Supplied material
▬▬▬▬▬▬▬▬▬▬

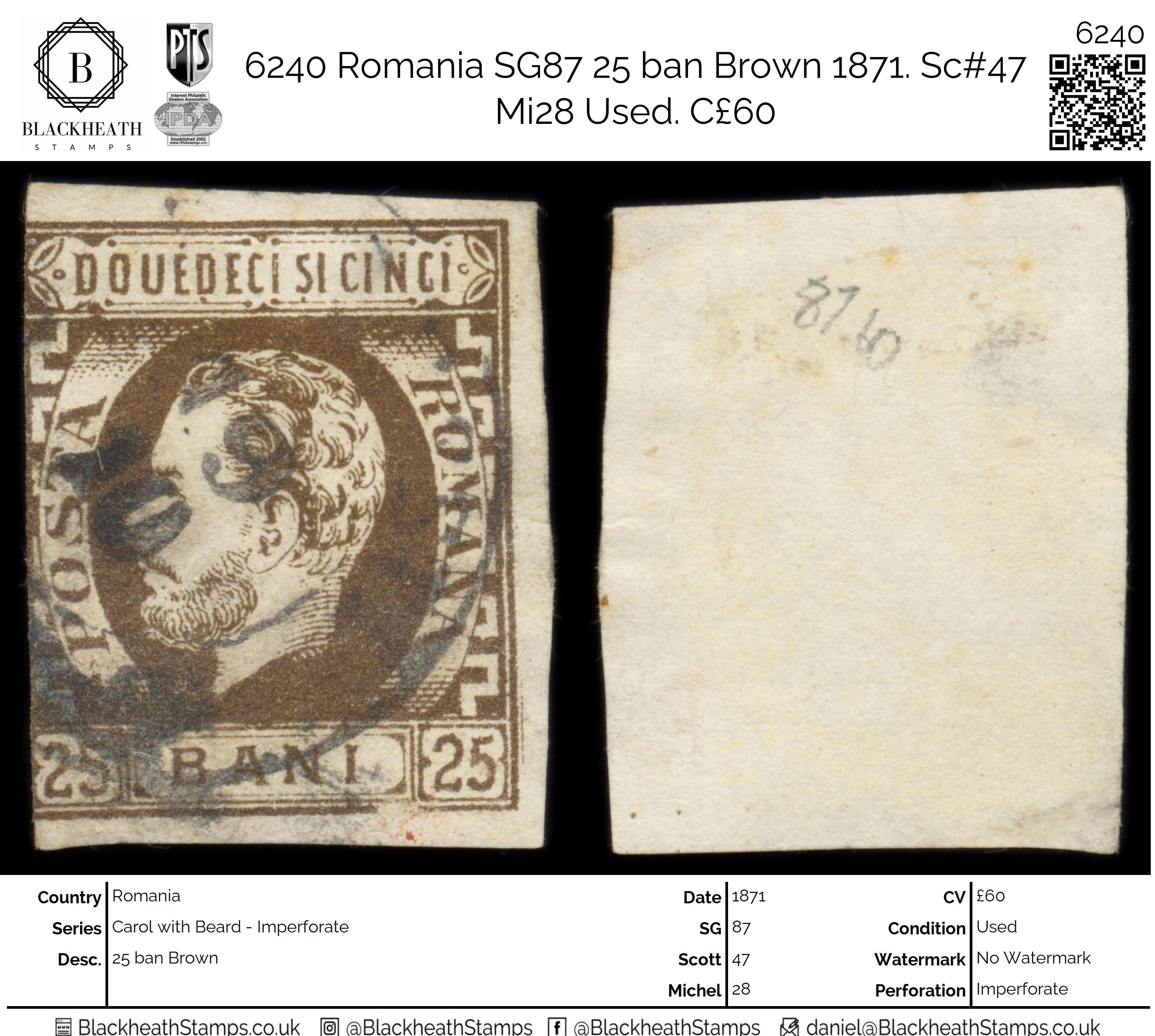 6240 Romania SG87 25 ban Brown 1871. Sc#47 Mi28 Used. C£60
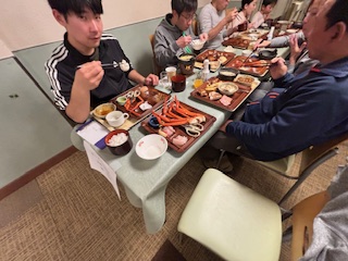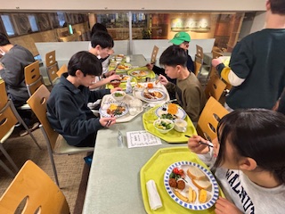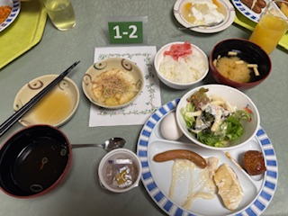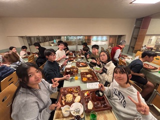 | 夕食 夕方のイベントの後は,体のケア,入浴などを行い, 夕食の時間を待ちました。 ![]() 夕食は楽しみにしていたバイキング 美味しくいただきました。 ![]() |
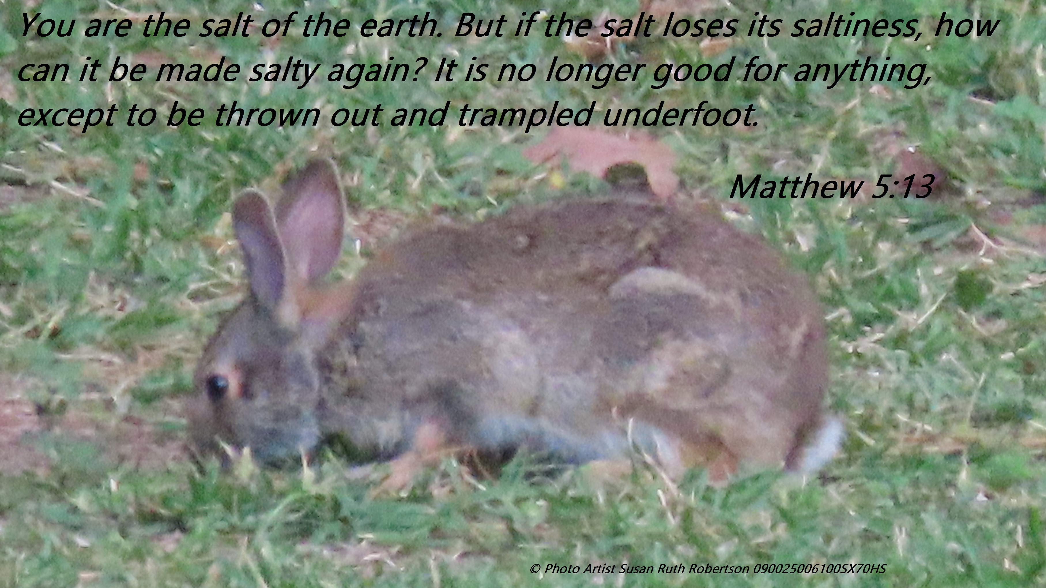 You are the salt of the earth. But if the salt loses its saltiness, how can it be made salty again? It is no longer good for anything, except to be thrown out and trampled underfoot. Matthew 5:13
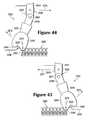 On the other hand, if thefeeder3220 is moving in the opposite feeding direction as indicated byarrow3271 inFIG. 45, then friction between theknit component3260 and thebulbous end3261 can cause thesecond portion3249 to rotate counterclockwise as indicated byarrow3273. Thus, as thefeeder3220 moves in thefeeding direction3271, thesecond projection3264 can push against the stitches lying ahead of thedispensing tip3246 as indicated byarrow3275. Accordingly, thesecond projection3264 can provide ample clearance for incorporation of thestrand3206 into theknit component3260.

▬▬▬▬▬▬▬▬▬▬

What to do
Leaving the pictures out, give back each line above exactly.

Exercise result
 6240 Romania SG87 25 ban Brown 1871. Sc#47 Mi28 Used. C£60
 | 夕食 夕方のイベントの後は,体のケア,入浴などを行い, 夕食の時間を待ちました。 ![]() 夕食は楽しみにしていたバイキング 美味しくいただきました。 ![]() |
 You are the salt of the earth. But if the salt loses its saltiness, how can it be made salty again? It is no longer good for anything, except to be thrown out and trampled underfoot. Matthew 5:13
 On the other hand, if thefeeder3220 is moving in the opposite feeding direction as indicated byarrow3271 inFIG. 45, then friction between theknit component3260 and thebulbous end3261 can cause thesecond portion3249 to rotate counterclockwise as indicated byarrow3273. Thus, as thefeeder3220 moves in thefeeding direction3271, thesecond projection3264 can push against the stitches lying ahead of thedispensing tip3246 as indicated byarrow3275. Accordingly, thesecond projection3264 can provide ample clearance for incorporation of thestrand3206 into theknit component3260.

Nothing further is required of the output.